Free college was a much larger talking point during the 2016 campaign cycle, however. While Sanders mentions it in his campaign announcement material, it’s not as large a part of the political conversation in recent years.
How much would it cost?
Sanders suggests in his plan that the government would provide $47 billion for tuition each year to cover the two-thirds of $70 billion he says is spent on tuition public colleges and universities. There would be no guarantee that states would take part, which could make it cheaper. But there would also be, potentially, a lot more people enrolling at public schools if the tuition were free. There has been no CBO assessment of the proposal.
Sanders envisions hiking taxes on the wealthy and on Wall Street to pay for things like Medicare-for-all and free college. With the For the 99.8% Act
, he released a plan to roll back the Republicans’ drastic cuts to the estate tax. Sanders would institute a new graduated tax that would apply to estates of $3.5 million and larger. It would phase in on $3.5 million estates at 45% and reach up to 77% on the value of an estate over $1 billion.
It’s called the For the 99.8% Act because it would affect only the top 0.02% of households. There are other wealth taxes that have been proposed by the 2020 Democratic field, notably Sen. Elizabeth Warren’s plan to finance universal child care with a new 2% tax on households with assets of more than $50 million and a total 3% on households with assets of more than $1 billion.
Progressives don’t see these proposals as being in competition with one another but as part of a larger effort to “reverse a trend of that has seen American wealth increasingly concentrated among its most affluent households,” as CNN’s Greg Krieg and Tami Luhby reported
Sanders would pay for his college plan with a new Wall Street tax. He’d charge businesses and individuals to help cover the costs of his Medicare-for-all plan. But in neither case is there an official cost estimate to go by.

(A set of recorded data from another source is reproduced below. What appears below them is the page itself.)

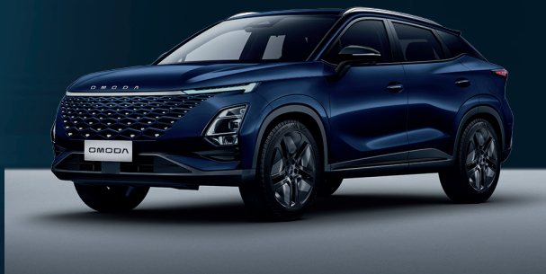
Midnight Blue Dla wersji Comfort i Premium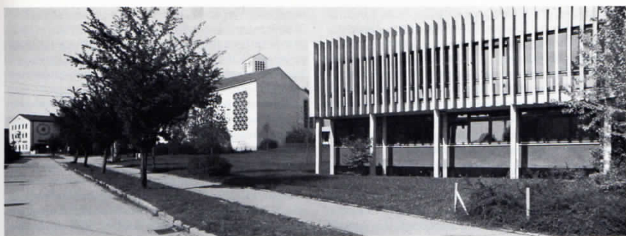
Rathaus und neue Pfarrkirche in Hebertshausen. Links im Hintergrund Landgasthof Herzog, 1974.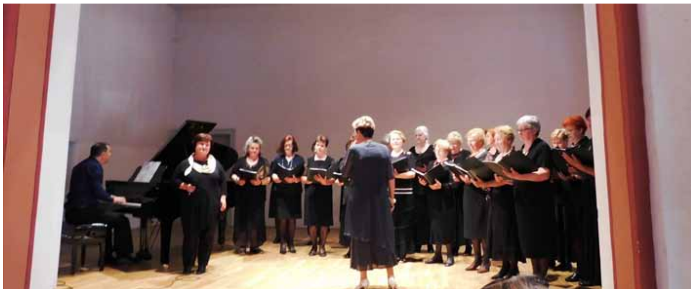
Zbor umirovljenika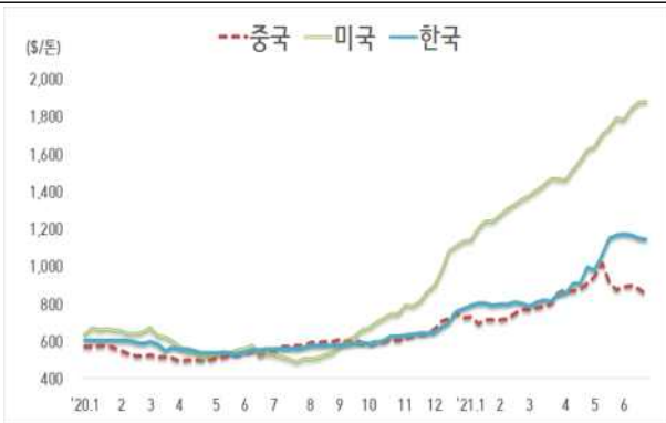
< 국내외 열연강판 내수가격 동향 >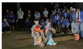
お囃しと3地区の頭出し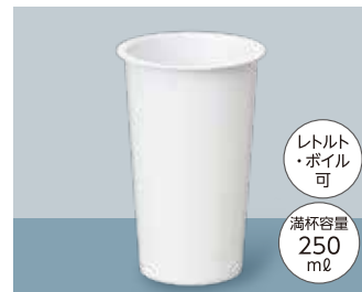
製品名 TS 71-110-250 サイズ 口径:70.3 全高:110.0 (mm) 首下径:63.0 底径:48.9 ケース入数 840 個 加飾 インモールドラベル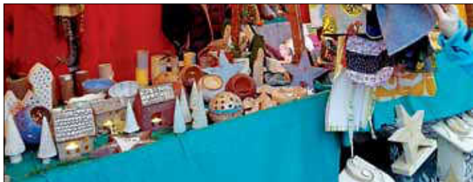
Produkte aus der Keramikwerkstatt

ihre regelmäßigen Käufer und konnten diesmal zusammen mit Seifenschalen aus Keramik erworben werden. Im Angebot hatte der AK Asyl auch Weihnachtsdeko aus Keramik und Holz, Taschen und Körbe aus Stoff sowie Insektenhotels und Feuerkörbe. Wer noch vor Weihnachten etwas erwerben möchte, findet die Produkte in der Ausstellung in der Zehntscheuer. Dort können die Stücke auch gekauft werden. Vielen Dank an alle Teilnehmer der Werkstätten und alle Helfer bei Aufbau, Standdienst und Abbau.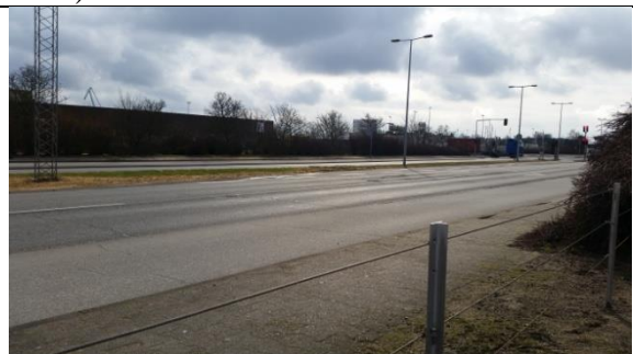
Svidning, men også grønt græs i midterrabbatten på Strandvejen (7. marts 2016)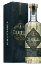
Citadelle Gin Reserve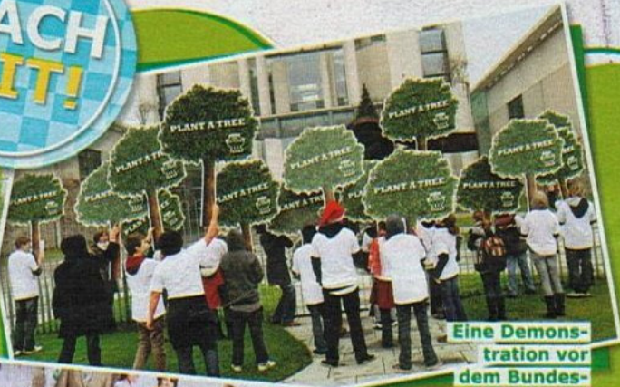
Eine Demonstration vor dem Bundeskanzleramt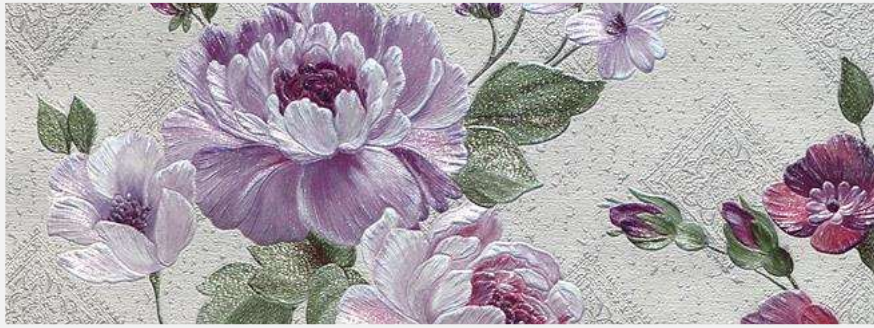
Лилово-фиолетовые оттенки на дымчато-зеленой основе.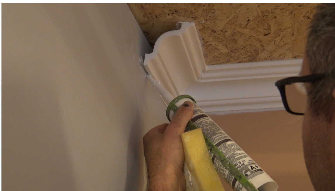
FUG: Av og til kan vegger og hjørner ha litt skjevheter i seg. Da kan du bruke limet som fug og fylle tomrommene.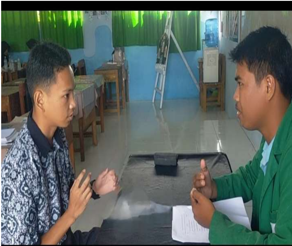
Gambar 5. wawancara terhadap peserta didik untuk memperkuat data hasil penelitian.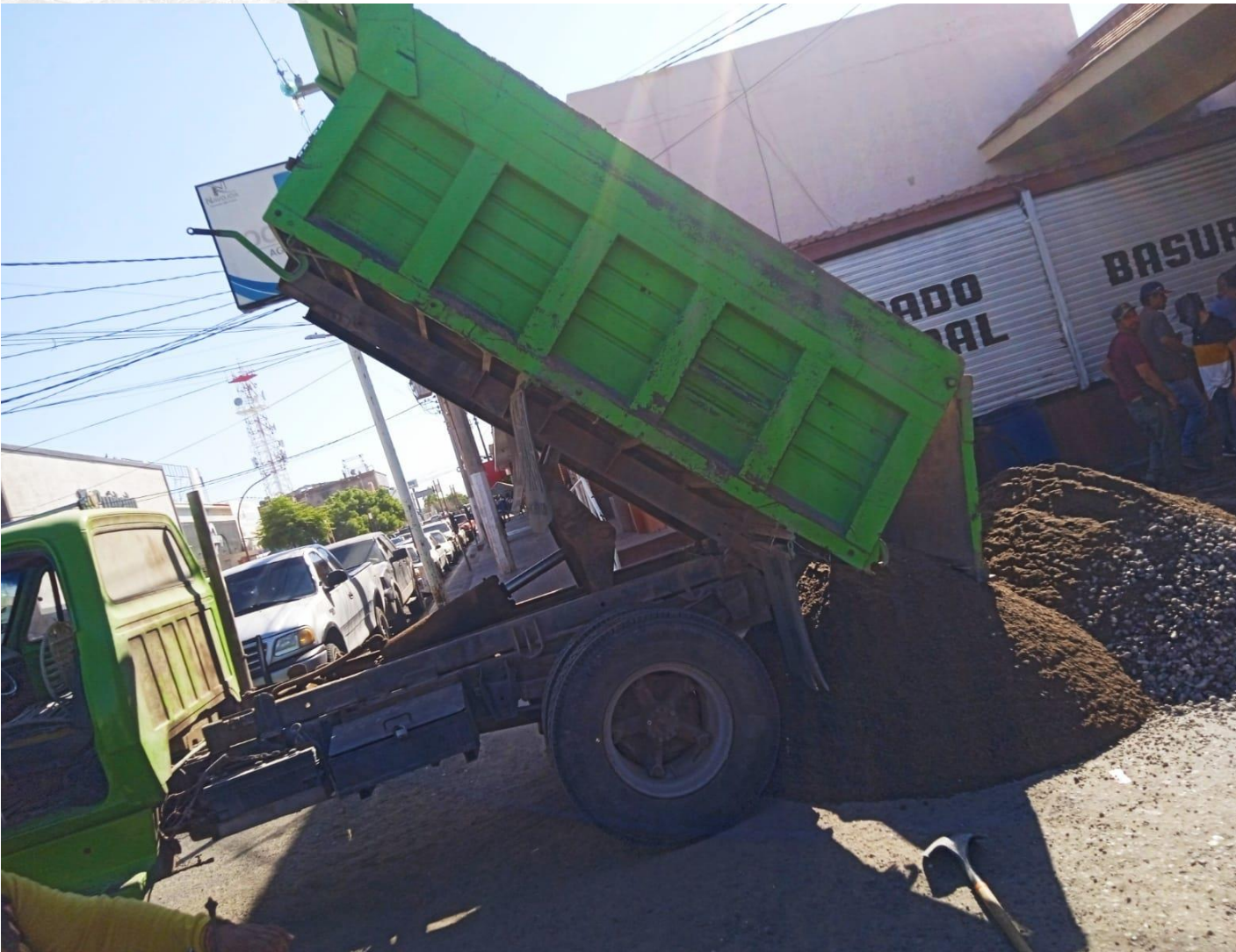
Material para la remodelación del mercado municipal 26/09/23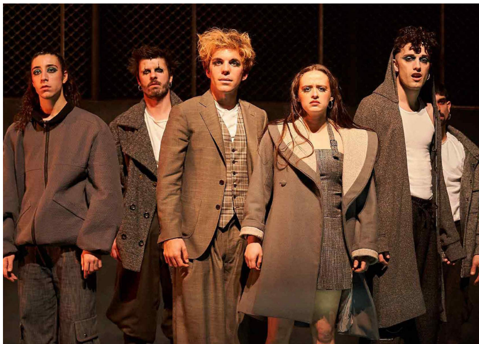
L'alegria que passa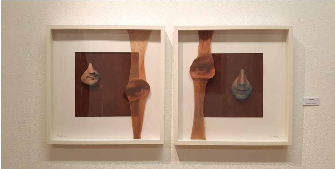
Fig. 18. García López, Antonio (2023). Los insectos [Collage]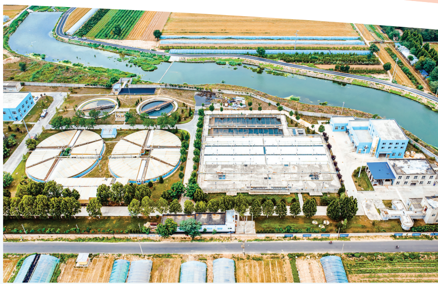
▲闻喜县惠万源污水处理有限公司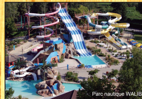
Parc nautique WALIBI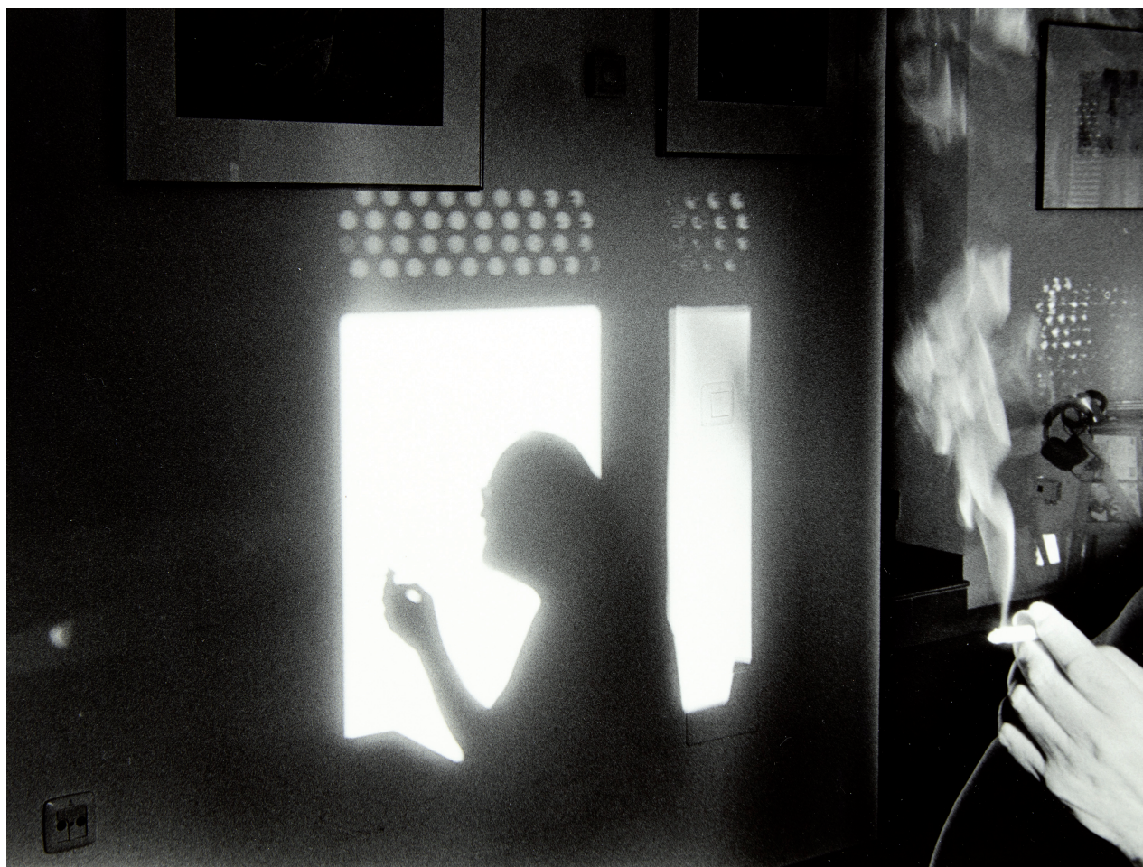
PLAZA SANTA BÁRBARA, S. XX.

¿Qué tipo de acceso a la realidad constituye hoy la imagen fotográfica? De la inquietud por encontrar una respuesta a esta pregunta surge la exposición Constelaciones posibles . La imagen como fragmento de la realidad en la Colección MUN.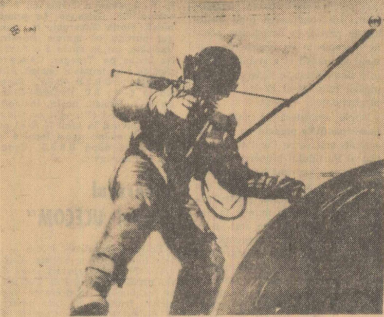
Astăzi, cosmonauții americani J. McDivitt și E. White sosesc la centrul spațial din Houston. Posturile de televiziune din S.U.A. au reprodus filmul în culori înfățișînd evoluțiile lui White în spațiul cosmic.

Potrivit unei știri transmise de agenția France Presse din Lisabona, în cursul serii de marți Chombe a sosit în capitala portugheză cu un avion militar portughez. Cenzura din Lisabona nu a autorizat ziarele să menționeze știrea. În cursul dimineții de miercuri, cenzura a fost ridicată, iar postul de radio național a anunțat la orele 12 (G.M.T.) următoarele: „Primul ministru al Congoului, Moise Chombe, a trecut prin Lisabona. El a fost primit de președintele Consiliului” (Salazar). Lovitura de teatru s-a produs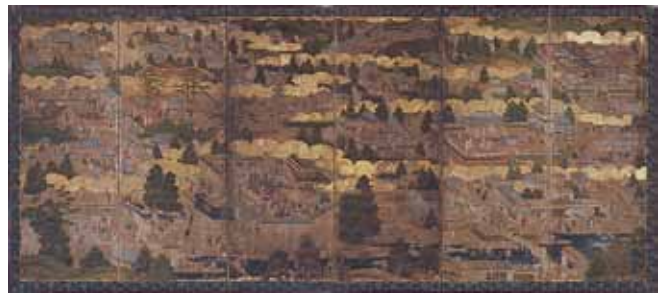
東山遊楽図屏風 松花堂美術館蔵 17世紀前期の京都東山界隈の景観が描かれています

17世紀初頭、石清水八幡宮の僧侶・松花堂昭乗(1584~1639)は、書画をよくし、茶の湯を愛した人物です。展覧会では、昭乗が生きた桃山時代から江戸時代に至る八幡に注目します。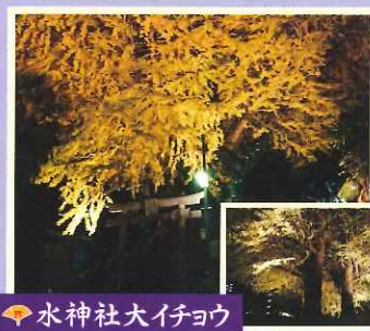
水神社大イチョウ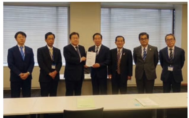
額賀衆議院議員への要望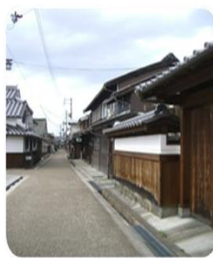
写真22：地中化されていない街道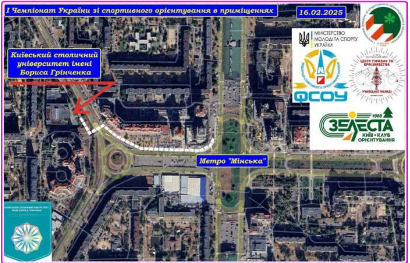
СХЕМА розташування арени змагань 16.02.2025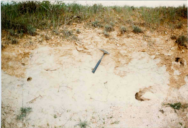
FOTO 26.- Carbonatos lacustres (Mioceno). A techo nivel de carbonatos laminados, a muro carbonatos pulverulentos.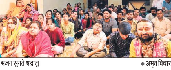
भजन सुनते श्रद्धालु।

हसनपुर, अमृत विचार : गजरौला की ओर जा रही बदामू डिपो की रोडवेज बस को प्लास्टिक भरे कैंटर ने जोरदार साइड मार दी। हादसा इतना भीषण था कि रोडवेज बस अनियंत्रित होकर सड़क किनारे खदक में जा घुसी। यात्रियों में चीख-पुकार मच गई। टक्कर के बाद बस और कैंटर के चालकों के बीच तीखी नोकझोंक हो गई, जिससे मौके पर भीड़ जमा हो गई। कोतवाली पुलिस तुरंत मौके पर पहुंची। पुलिस ने स्थिति को संभाला और दोनों पक्षों को शांत कराया।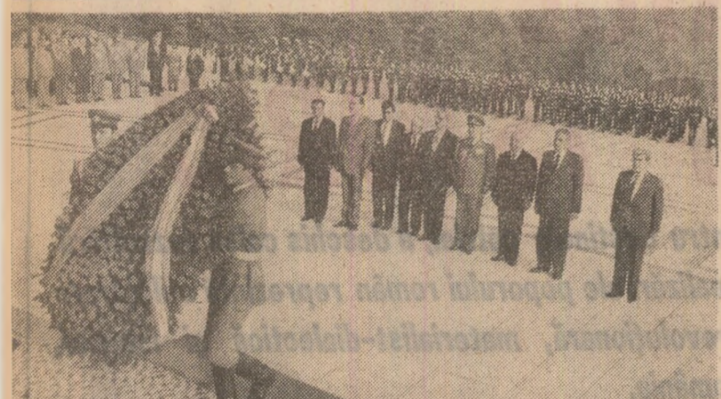
La Monumentul eroilor luptei pentru libertatea poporului și a patriei...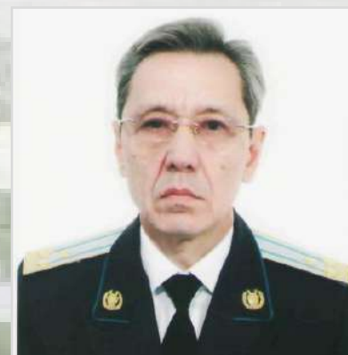
ДОСАНОВ Есенжан Кайыржанович Прокурор области с 2009 по 2010 год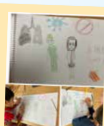
Iris Fong 多謝您們! Support you!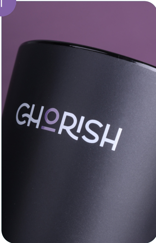
Innenfärbung und einseitiger Aufdruck auf der Tasse (2 Farben)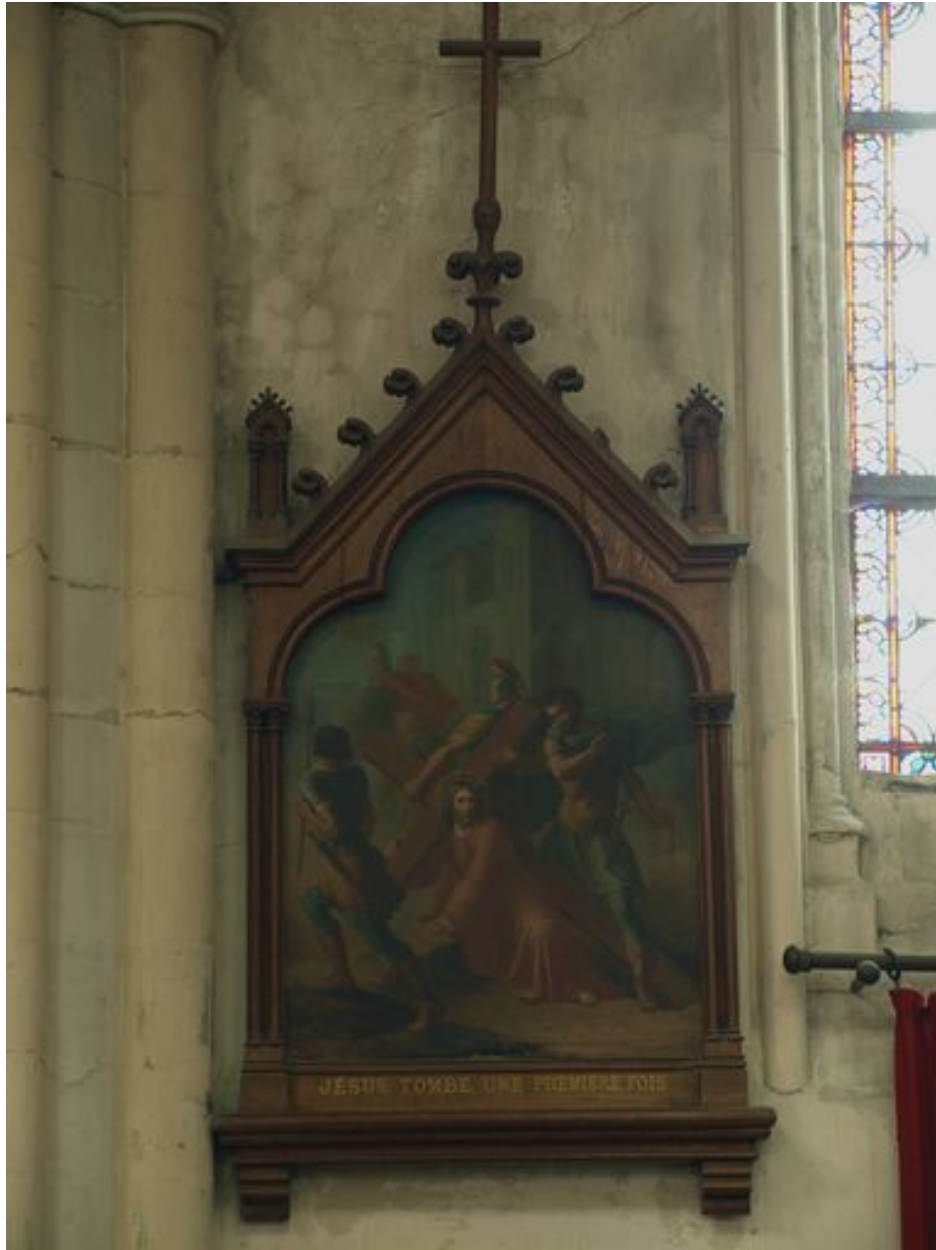
Vue générale, avec cadre (3e station)

Double the federal minimum wage
A number of states have raised their minimum wages — sometimes substantially — beyond the $7.25 national hourly minimum. But no state has a $15 minimum wage, as Sanders has pushed. It wouldn’t technically cost the government much to do this, but there would certainly be a cost to business owners, many of whom would oppose the idea. His proposal would also gradually bring tipped workers, who can be paid a lower-than-minimum hourly wage — in line with other workers.
The federal minimum wage has not been raised in a decade. Because of inflation, that $7.25 has less purchasing power than it did in 2009. It now would take $8.47 per hour to equal the $7.25 of 2009.
Break up big banks
While some of the Wall Street regulations that passed in the wake of the 2008 financial crisis are being rolled back, Sanders would go in the other direction and impose new regulations on Wall Street and big banks. He has proposed legislation to keep banks from becoming too large and to keep them from holding assets worth more than 3% of the gross domestic product.
There’s plenty more Sanders would like to do, like end the war on drugs, eliminate privately run prisons and undo the Citizens United Supreme Court decision
on campaign finance.
Any single one of the things above could be the main accomplishment of an effective president. Sanders can never be accused of keeping his campaign promises small. The question is whether the public is behind this vision for the country.